> [Data shown]:
+ + + + + + +
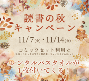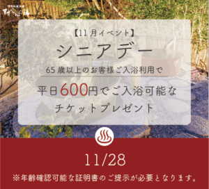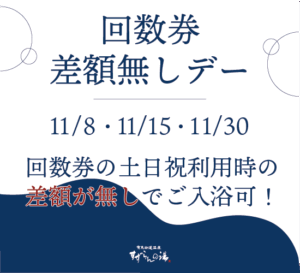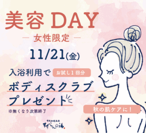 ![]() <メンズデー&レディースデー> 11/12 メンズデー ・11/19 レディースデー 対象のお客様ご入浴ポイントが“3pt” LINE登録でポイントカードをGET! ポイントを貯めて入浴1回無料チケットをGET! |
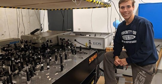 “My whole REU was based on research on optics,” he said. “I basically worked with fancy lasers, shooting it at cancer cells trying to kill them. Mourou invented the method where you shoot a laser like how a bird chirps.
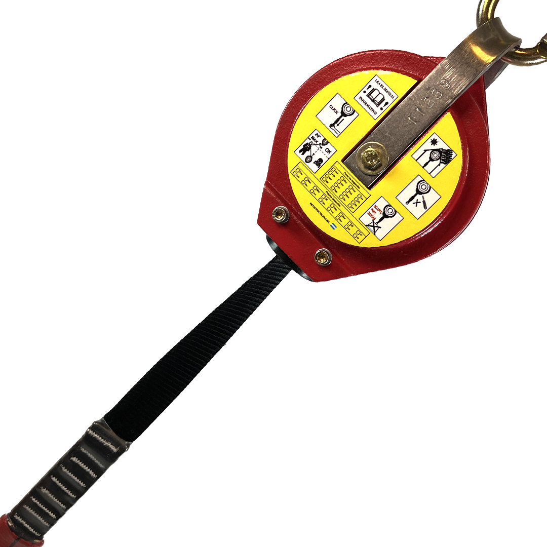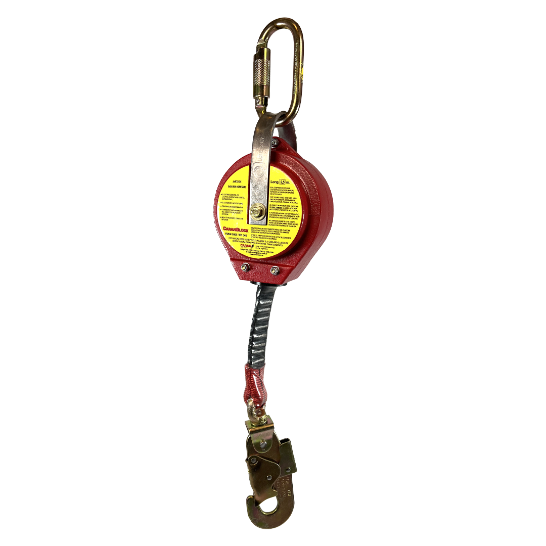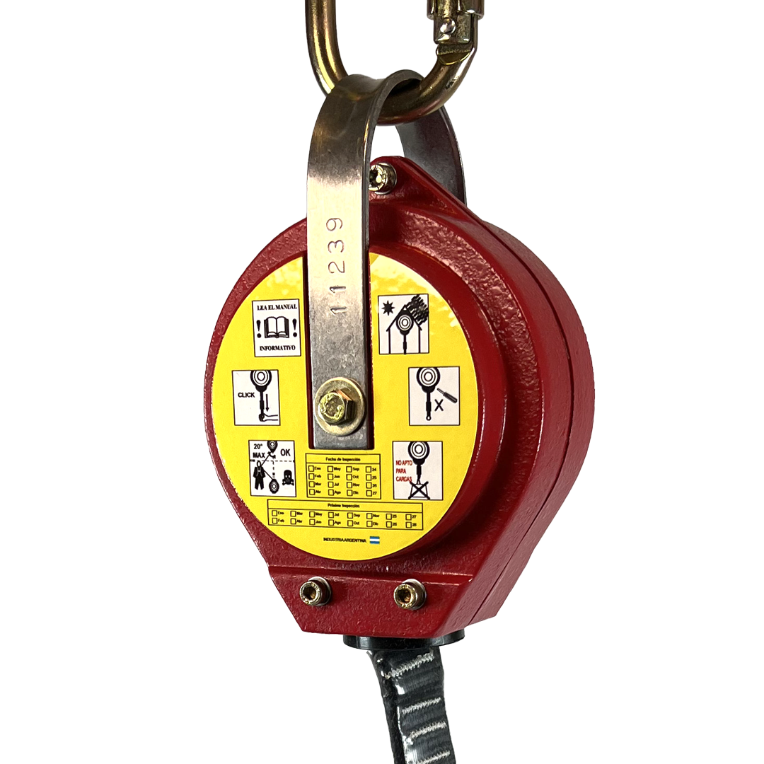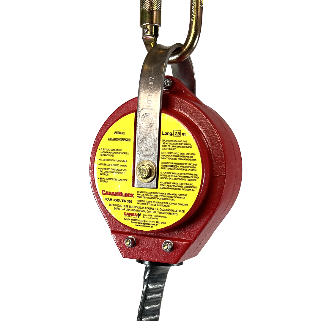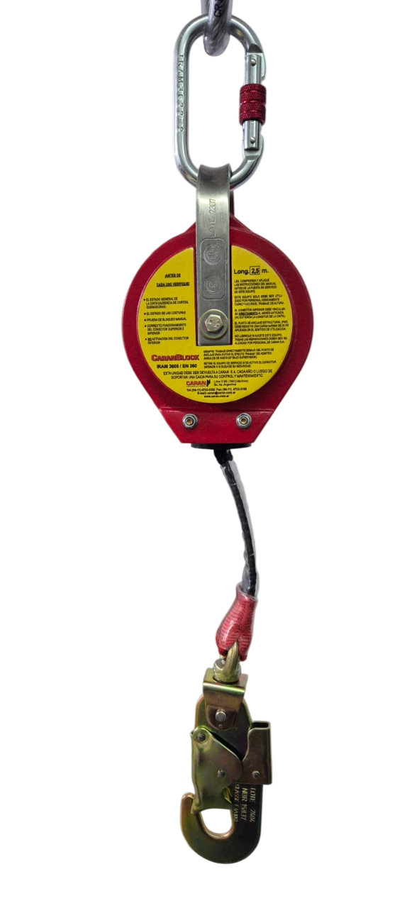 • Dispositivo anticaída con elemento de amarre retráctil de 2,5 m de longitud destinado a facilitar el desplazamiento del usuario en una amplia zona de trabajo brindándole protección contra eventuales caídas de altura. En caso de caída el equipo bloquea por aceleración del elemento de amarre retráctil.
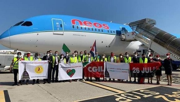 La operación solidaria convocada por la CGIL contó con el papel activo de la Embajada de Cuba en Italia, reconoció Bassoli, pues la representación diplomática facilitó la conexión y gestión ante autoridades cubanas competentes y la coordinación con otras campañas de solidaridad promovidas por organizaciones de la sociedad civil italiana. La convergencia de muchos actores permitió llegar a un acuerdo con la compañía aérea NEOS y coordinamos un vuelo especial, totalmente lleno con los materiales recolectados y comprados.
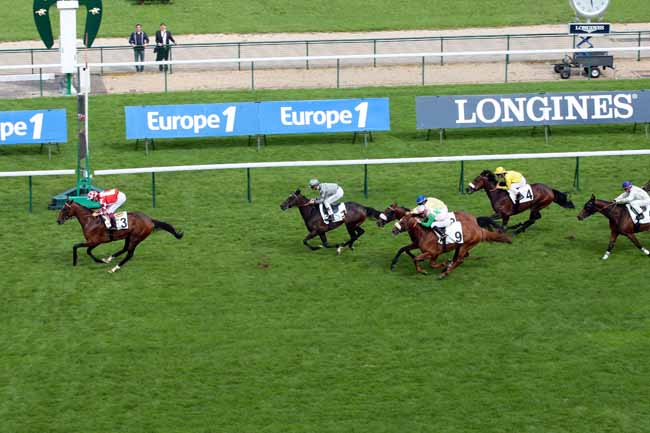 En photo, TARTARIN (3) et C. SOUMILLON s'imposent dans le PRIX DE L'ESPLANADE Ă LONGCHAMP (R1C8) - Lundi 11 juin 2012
+ + + + + + +
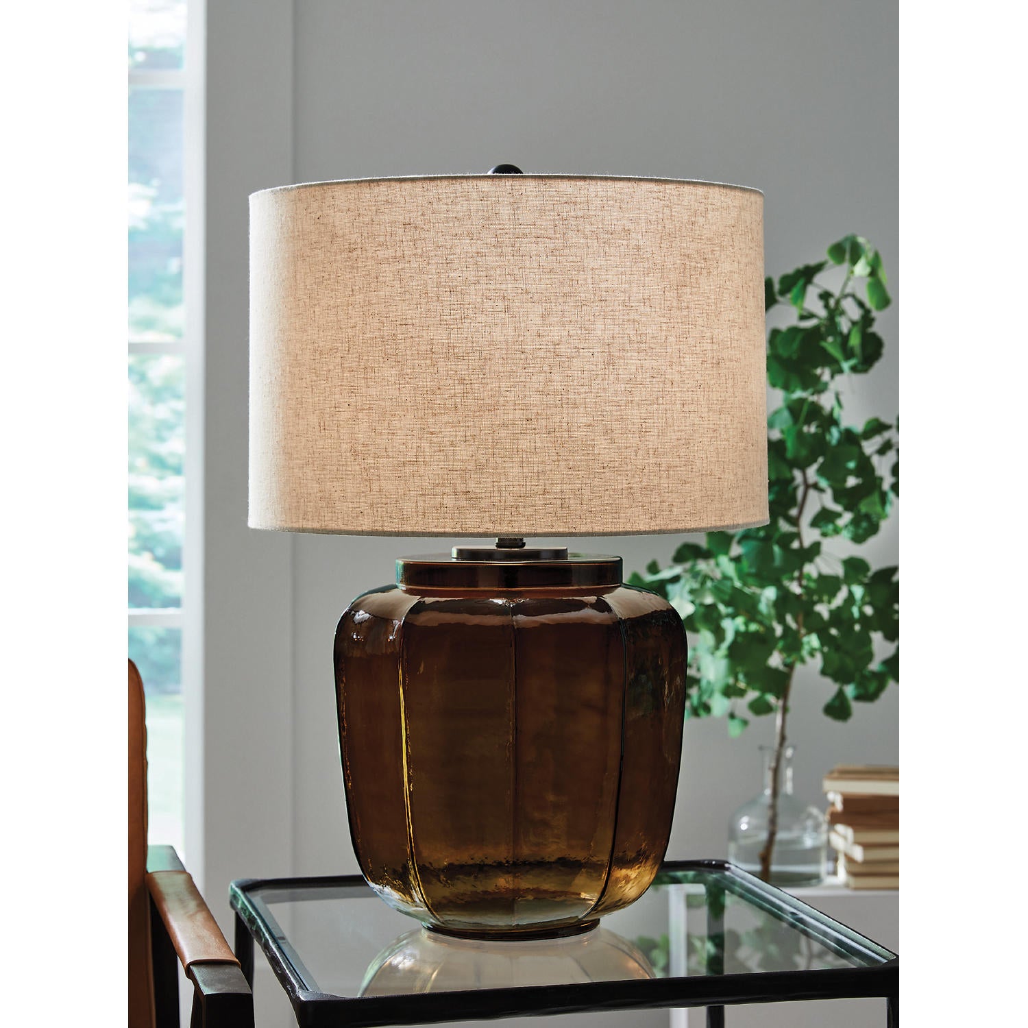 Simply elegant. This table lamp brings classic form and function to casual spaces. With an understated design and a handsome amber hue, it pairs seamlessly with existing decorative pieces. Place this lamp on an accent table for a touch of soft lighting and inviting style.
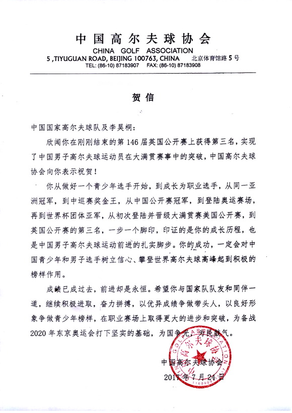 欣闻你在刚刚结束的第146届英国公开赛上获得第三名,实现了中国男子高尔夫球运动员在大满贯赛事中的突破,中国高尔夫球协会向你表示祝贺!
+ + + + + + +
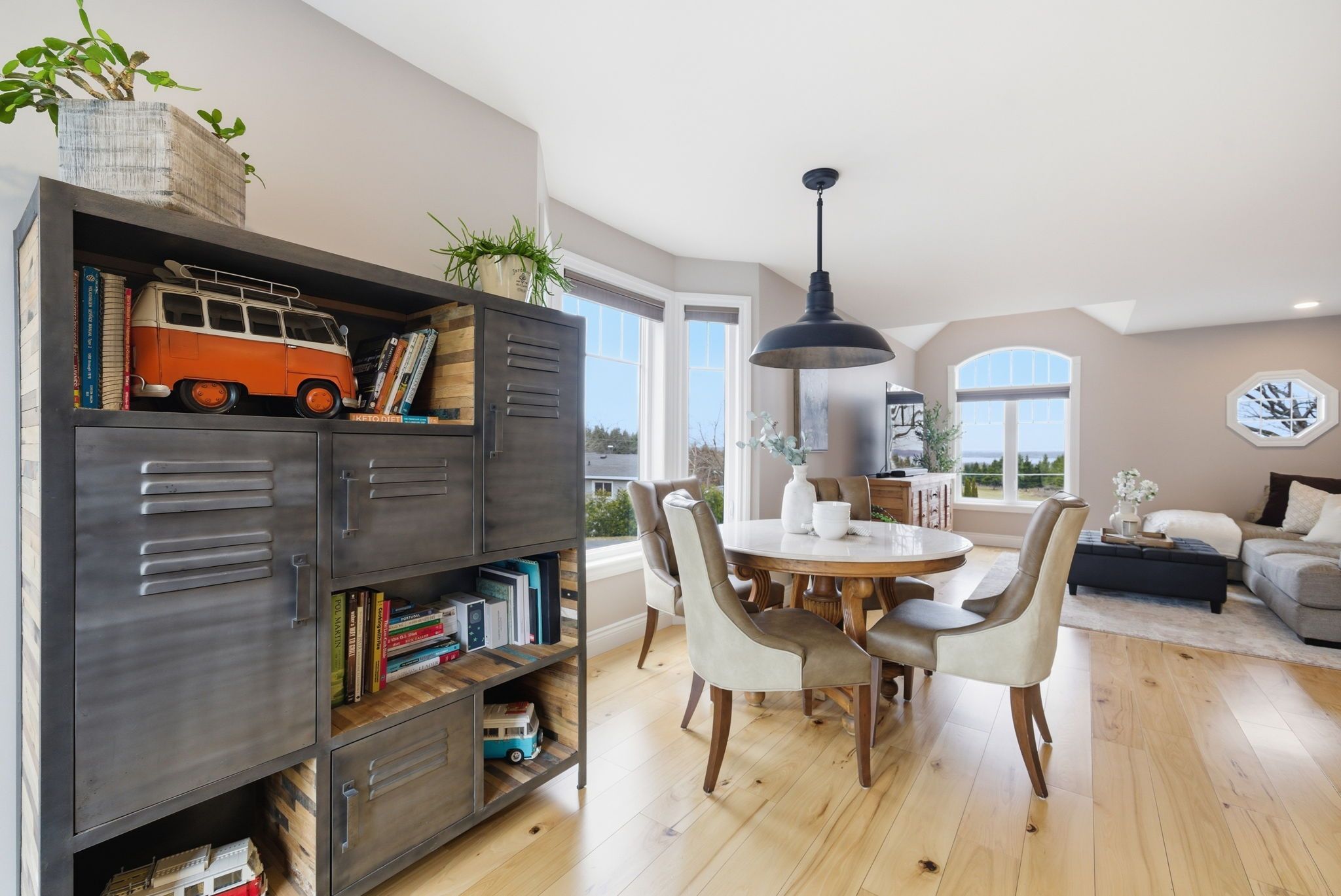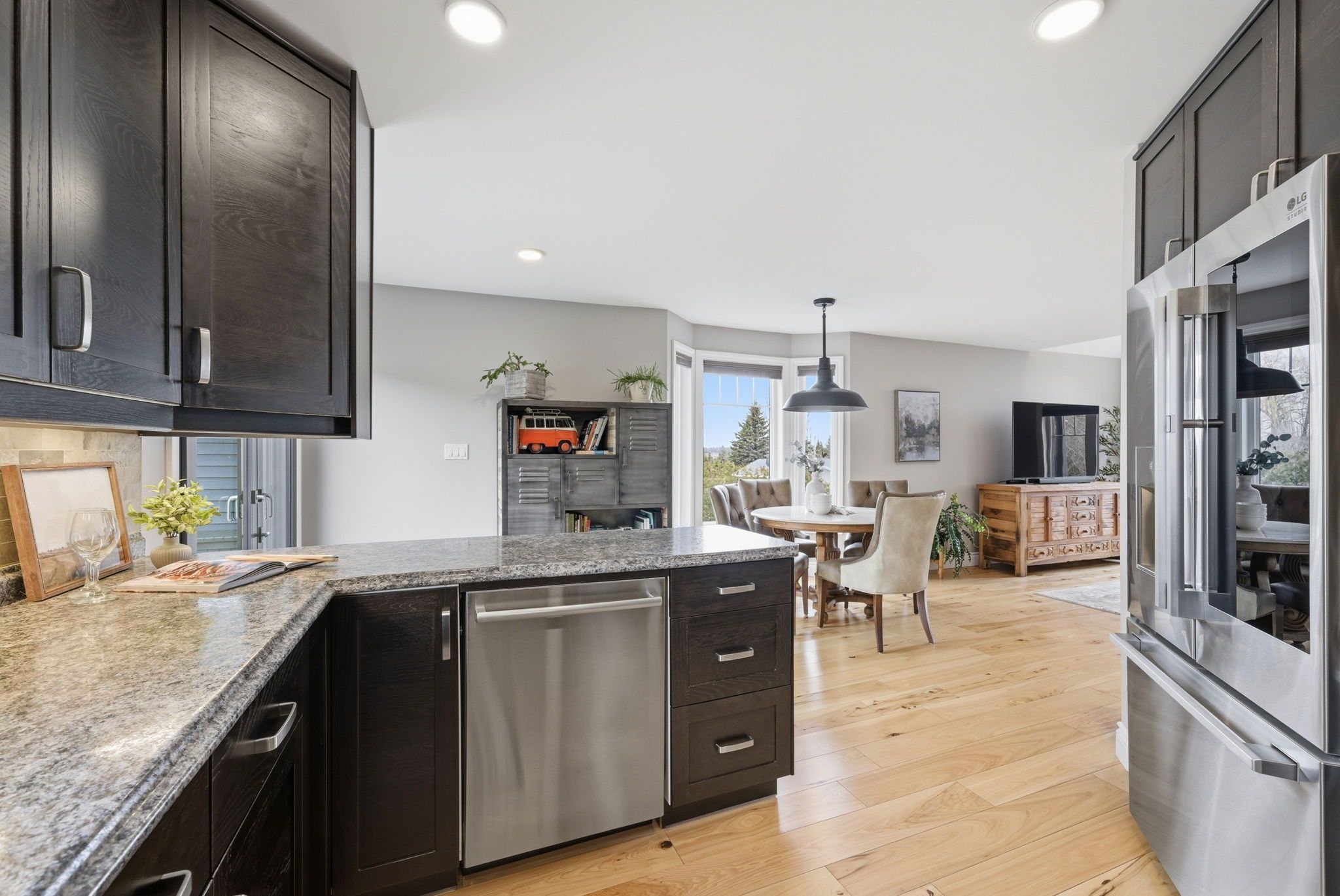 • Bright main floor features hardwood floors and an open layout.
+ + + + + + +
> [Task statement]:
Leaving out each picture, repeat exactly the lines above from the one that contains "LINE登録でポイントカードをGET! ポイントを貯めて入浴1回無料チケットをGET! |" through the one that contains "de amarre retráctil.".

> [Reply]:
 ![]() <メンズデー&レディースデー> 11/12 メンズデー ・11/19 レディースデー 対象のお客様ご入浴ポイントが“3pt” LINE登録でポイントカードをGET! ポイントを貯めて入浴1回無料チケットをGET! |
 “My whole REU was based on research on optics,” he said. “I basically worked with fancy lasers, shooting it at cancer cells trying to kill them. Mourou invented the method where you shoot a laser like how a bird chirps.
 • Dispositivo anticaída con elemento de amarre retráctil de 2,5 m de longitud destinado a facilitar el desplazamiento del usuario en una amplia zona de trabajo brindándole protección contra eventuales caídas de altura. En caso de caída el equipo bloquea por aceleración del elemento de amarre retráctil.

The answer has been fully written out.